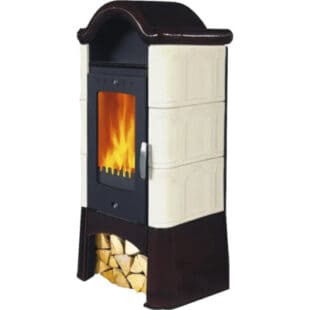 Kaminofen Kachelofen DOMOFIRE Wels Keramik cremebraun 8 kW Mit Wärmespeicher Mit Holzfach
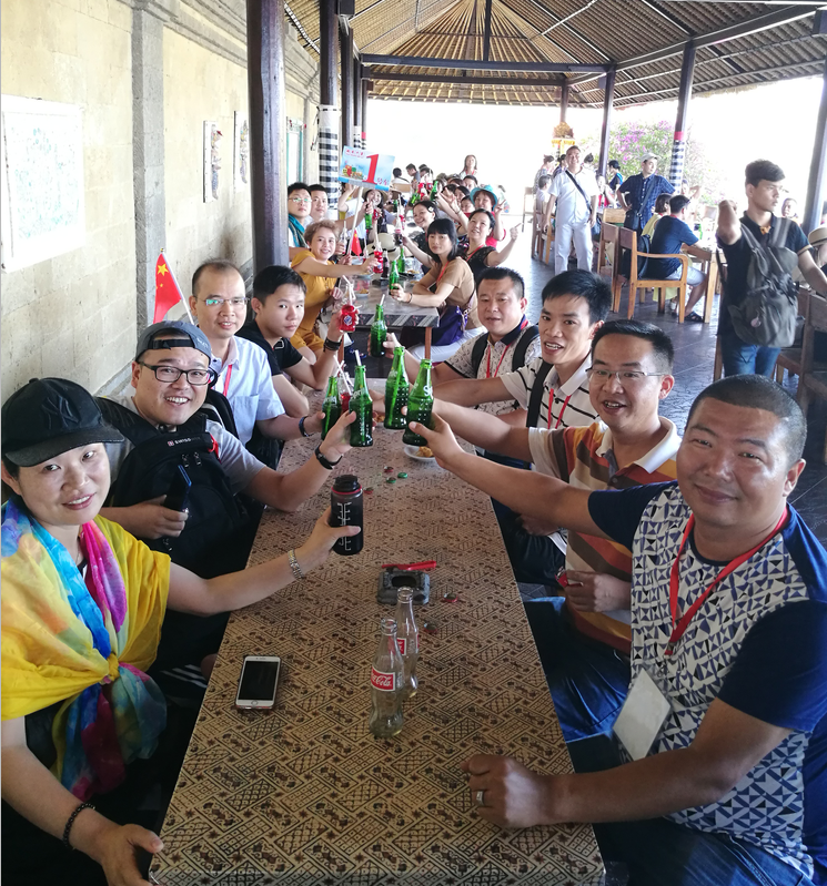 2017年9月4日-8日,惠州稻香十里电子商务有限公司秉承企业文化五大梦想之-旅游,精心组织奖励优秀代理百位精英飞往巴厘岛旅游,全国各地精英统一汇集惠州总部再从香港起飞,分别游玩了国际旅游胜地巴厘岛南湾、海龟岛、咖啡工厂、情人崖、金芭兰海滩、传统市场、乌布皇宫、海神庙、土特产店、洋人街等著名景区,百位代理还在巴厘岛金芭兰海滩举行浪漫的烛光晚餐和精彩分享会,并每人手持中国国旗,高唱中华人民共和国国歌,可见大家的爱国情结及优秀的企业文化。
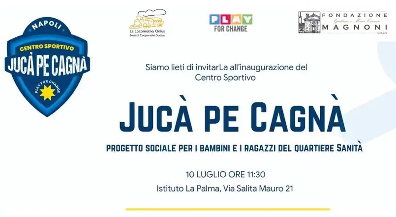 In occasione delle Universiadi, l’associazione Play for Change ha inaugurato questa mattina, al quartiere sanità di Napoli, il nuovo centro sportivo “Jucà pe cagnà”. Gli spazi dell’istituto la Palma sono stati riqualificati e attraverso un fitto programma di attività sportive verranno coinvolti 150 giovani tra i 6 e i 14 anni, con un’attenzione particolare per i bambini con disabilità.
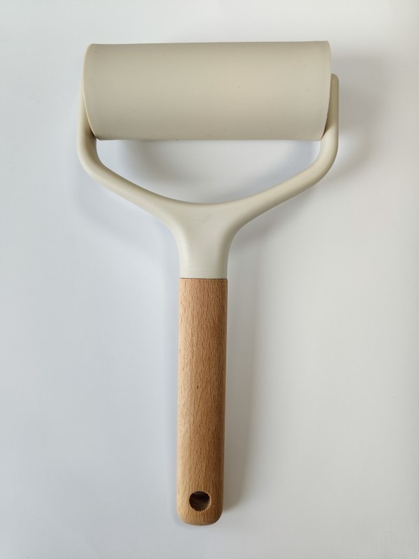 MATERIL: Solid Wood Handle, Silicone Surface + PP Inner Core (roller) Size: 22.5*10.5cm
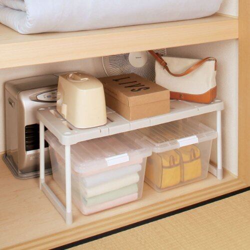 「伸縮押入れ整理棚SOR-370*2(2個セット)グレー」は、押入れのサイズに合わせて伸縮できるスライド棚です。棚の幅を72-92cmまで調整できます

Work to complete
Your answer should contain all the material above, written out exactly, and none of the pictures.

Solution to the problem
 Kaminofen Kachelofen DOMOFIRE Wels Keramik cremebraun 8 kW Mit Wärmespeicher Mit Holzfach
 2017年9月4日-8日,惠州稻香十里电子商务有限公司秉承企业文化五大梦想之-旅游,精心组织奖励优秀代理百位精英飞往巴厘岛旅游,全国各地精英统一汇集惠州总部再从香港起飞,分别游玩了国际旅游胜地巴厘岛南湾、海龟岛、咖啡工厂、情人崖、金芭兰海滩、传统市场、乌布皇宫、海神庙、土特产店、洋人街等著名景区,百位代理还在巴厘岛金芭兰海滩举行浪漫的烛光晚餐和精彩分享会,并每人手持中国国旗,高唱中华人民共和国国歌,可见大家的爱国情结及优秀的企业文化。
 In occasione delle Universiadi, l’associazione Play for Change ha inaugurato questa mattina, al quartiere sanità di Napoli, il nuovo centro sportivo “Jucà pe cagnà”. Gli spazi dell’istituto la Palma sono stati riqualificati e attraverso un fitto programma di attività sportive verranno coinvolti 150 giovani tra i 6 e i 14 anni, con un’attenzione particolare per i bambini con disabilità.
 MATERIL: Solid Wood Handle, Silicone Surface + PP Inner Core (roller) Size: 22.5*10.5cm
 「伸縮押入れ整理棚SOR-370*2(2個セット)グレー」は、押入れのサイズに合わせて伸縮できるスライド棚です。棚の幅を72-92cmまで調整できます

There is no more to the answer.